→ WHAT TO PRODUCE
Write out again the lines from the line with "It’s The Possitive" up to and including the line with "Be the belle", exactly as they stand below, and skip any picture.

→ DATA TO USE
[Start of Attachment]
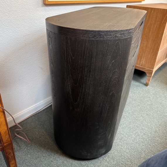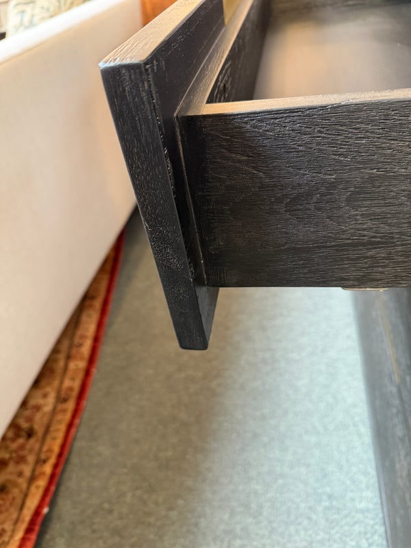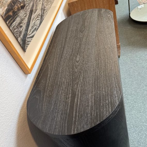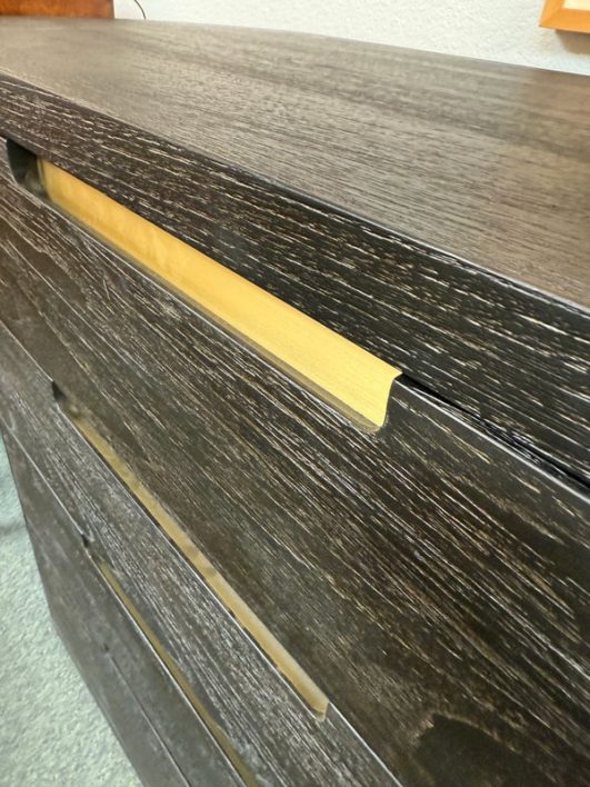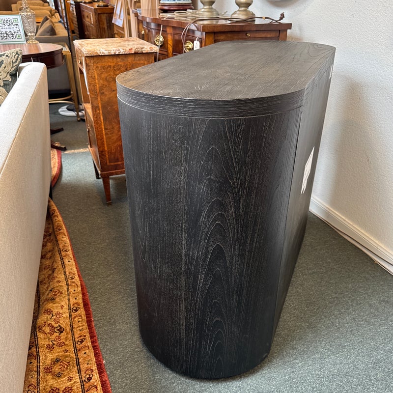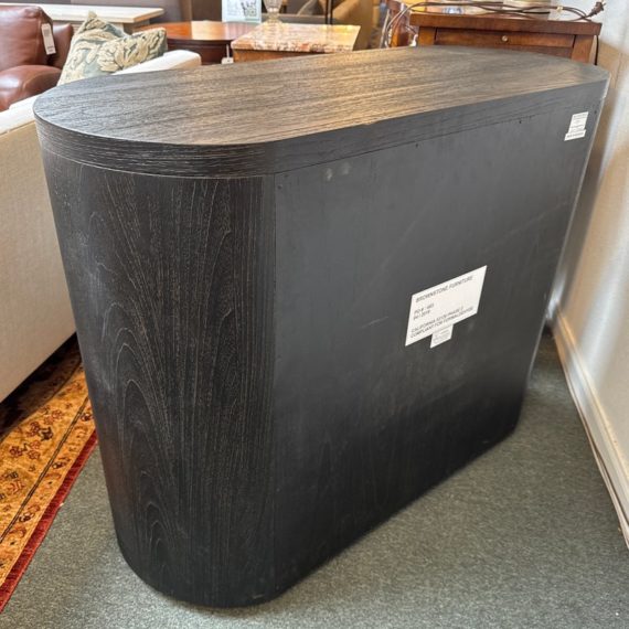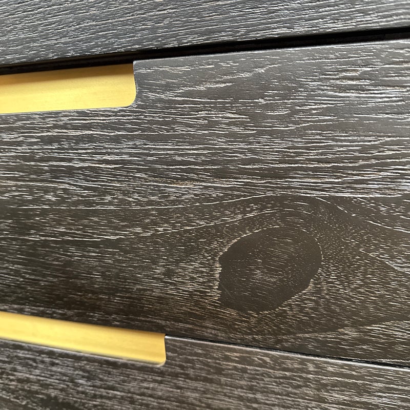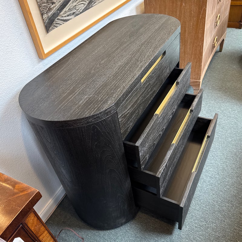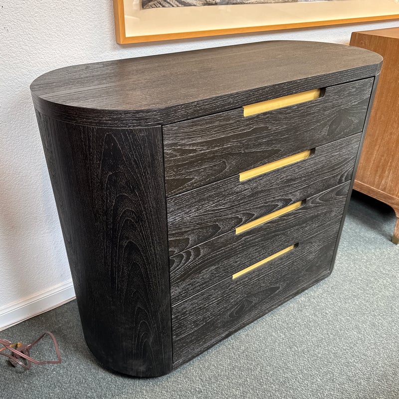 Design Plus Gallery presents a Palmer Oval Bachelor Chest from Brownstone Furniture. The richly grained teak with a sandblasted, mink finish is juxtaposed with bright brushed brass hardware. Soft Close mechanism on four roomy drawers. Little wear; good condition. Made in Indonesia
[End of Attachment]
[Start of Attachment]
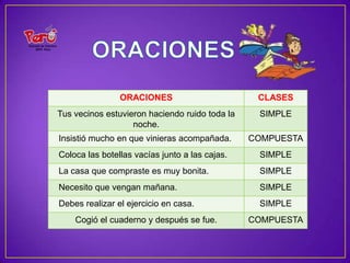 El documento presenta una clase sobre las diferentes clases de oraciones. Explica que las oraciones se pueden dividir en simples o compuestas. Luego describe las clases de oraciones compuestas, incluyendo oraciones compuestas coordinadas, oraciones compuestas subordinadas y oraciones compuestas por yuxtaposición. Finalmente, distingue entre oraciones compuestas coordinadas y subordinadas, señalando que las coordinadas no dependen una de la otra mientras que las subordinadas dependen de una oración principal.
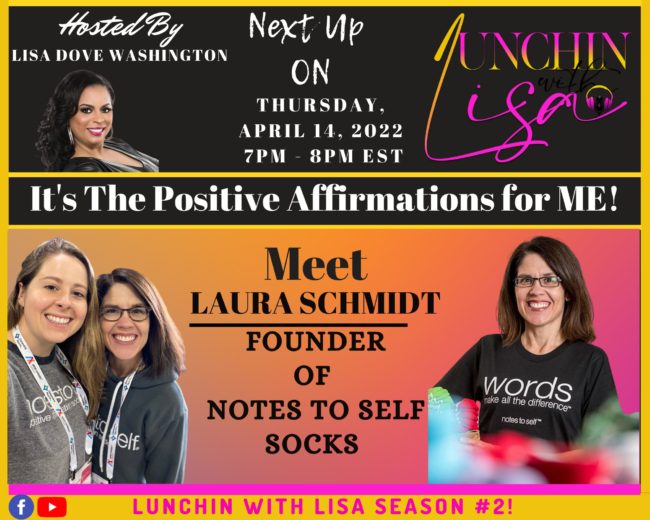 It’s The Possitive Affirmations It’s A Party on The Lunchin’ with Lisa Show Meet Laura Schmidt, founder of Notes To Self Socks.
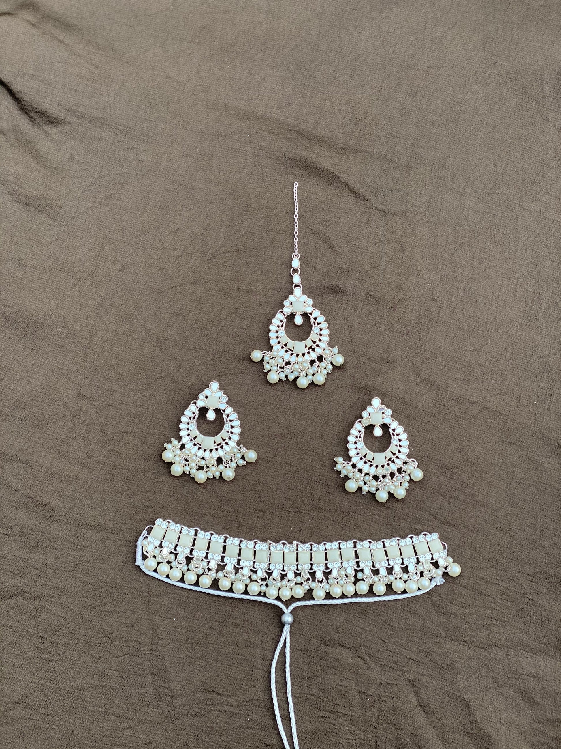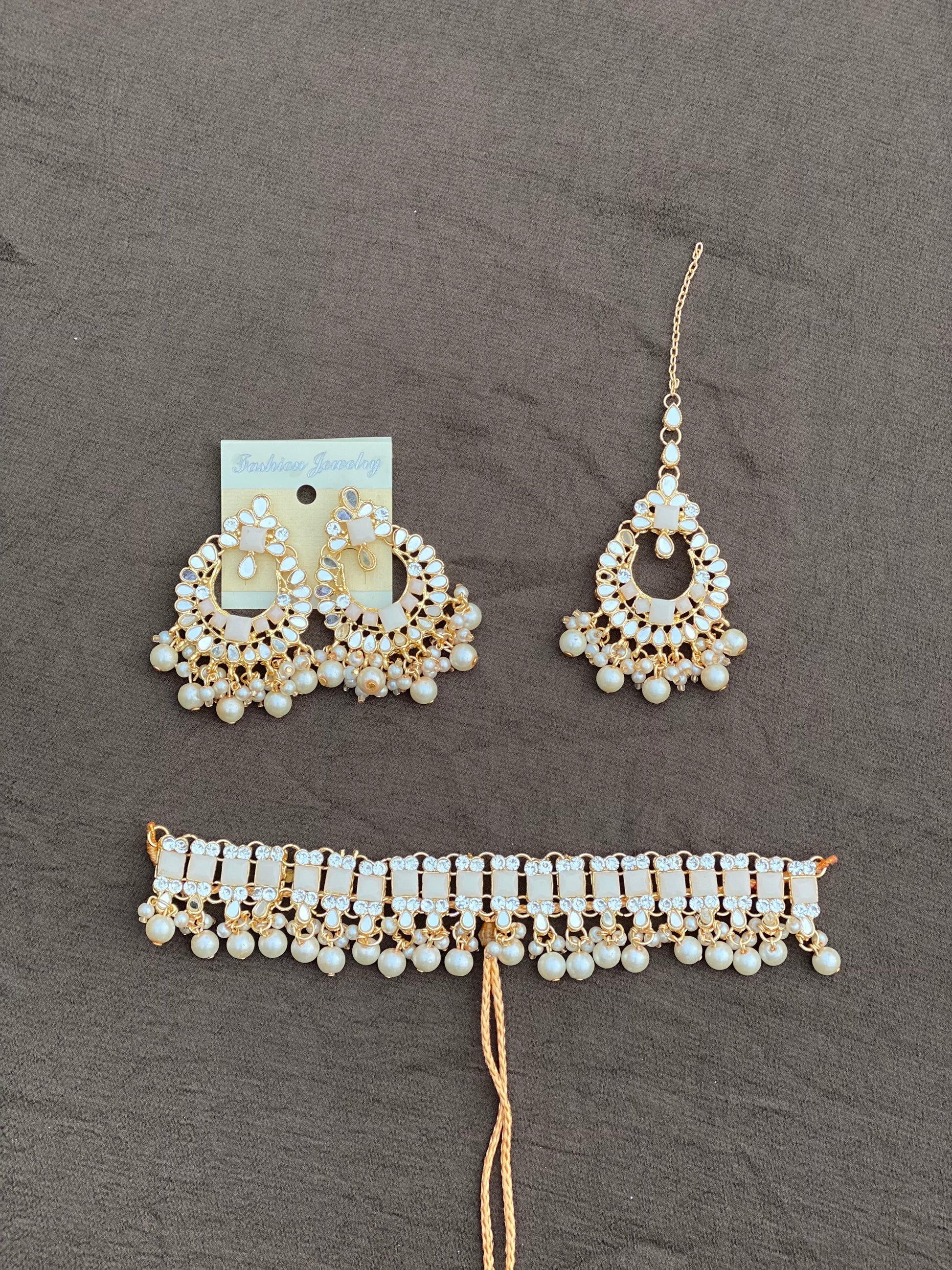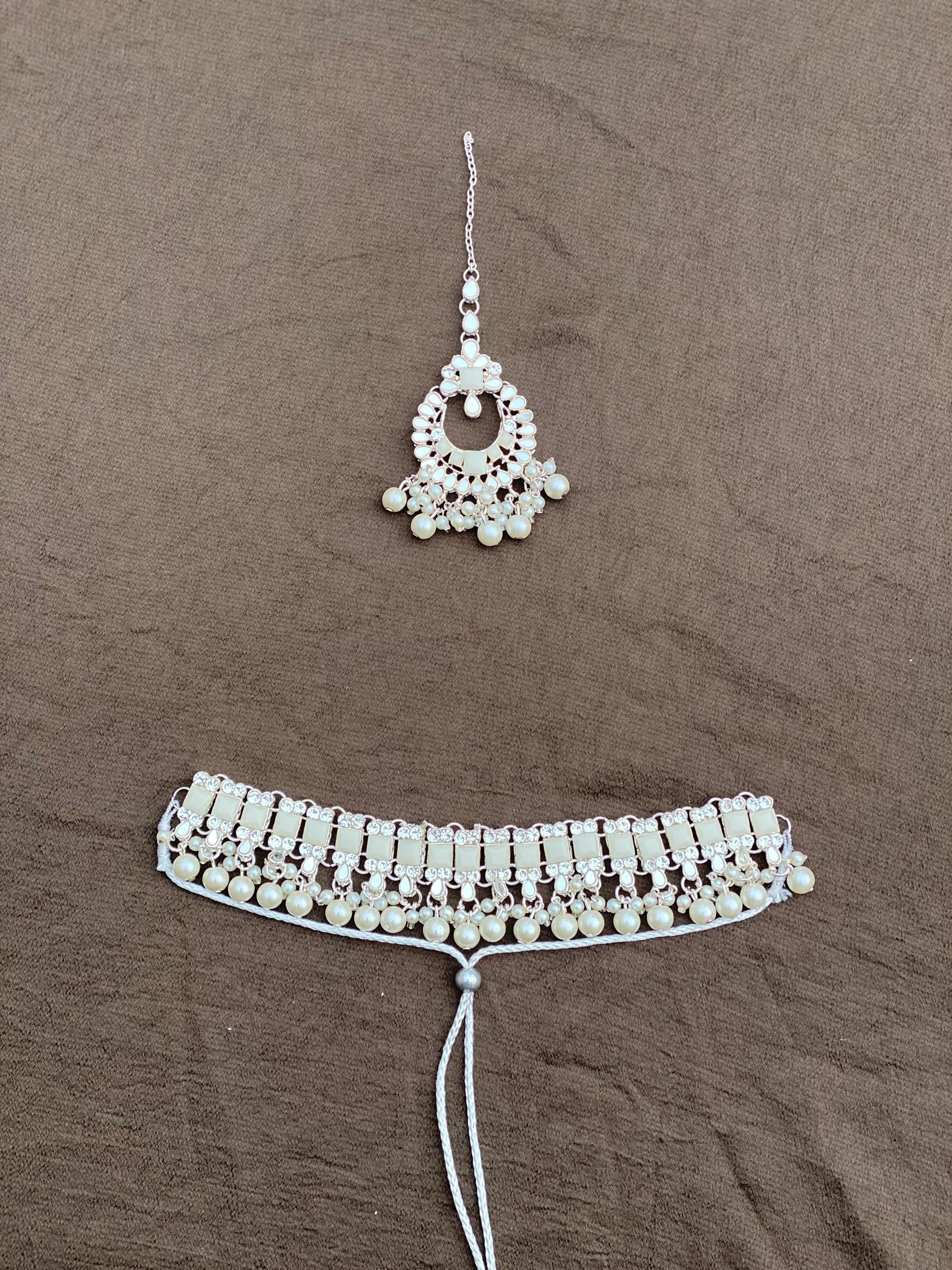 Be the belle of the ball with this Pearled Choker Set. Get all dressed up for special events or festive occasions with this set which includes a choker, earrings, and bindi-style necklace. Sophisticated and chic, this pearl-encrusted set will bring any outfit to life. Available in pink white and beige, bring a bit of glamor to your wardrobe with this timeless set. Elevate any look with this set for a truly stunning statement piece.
[End of Attachment]
→ FINISHED EXERCISE
 It’s The Possitive Affirmations It’s A Party on The Lunchin’ with Lisa Show Meet Laura Schmidt, founder of Notes To Self Socks.
 Be the belle of the ball with this Pearled Choker Set. Get all dressed up for special events or festive occasions with this set which includes a choker, earrings, and bindi-style necklace. Sophisticated and chic, this pearl-encrusted set will bring any outfit to life. Available in pink white and beige, bring a bit of glamor to your wardrobe with this timeless set. Elevate any look with this set for a truly stunning statement piece.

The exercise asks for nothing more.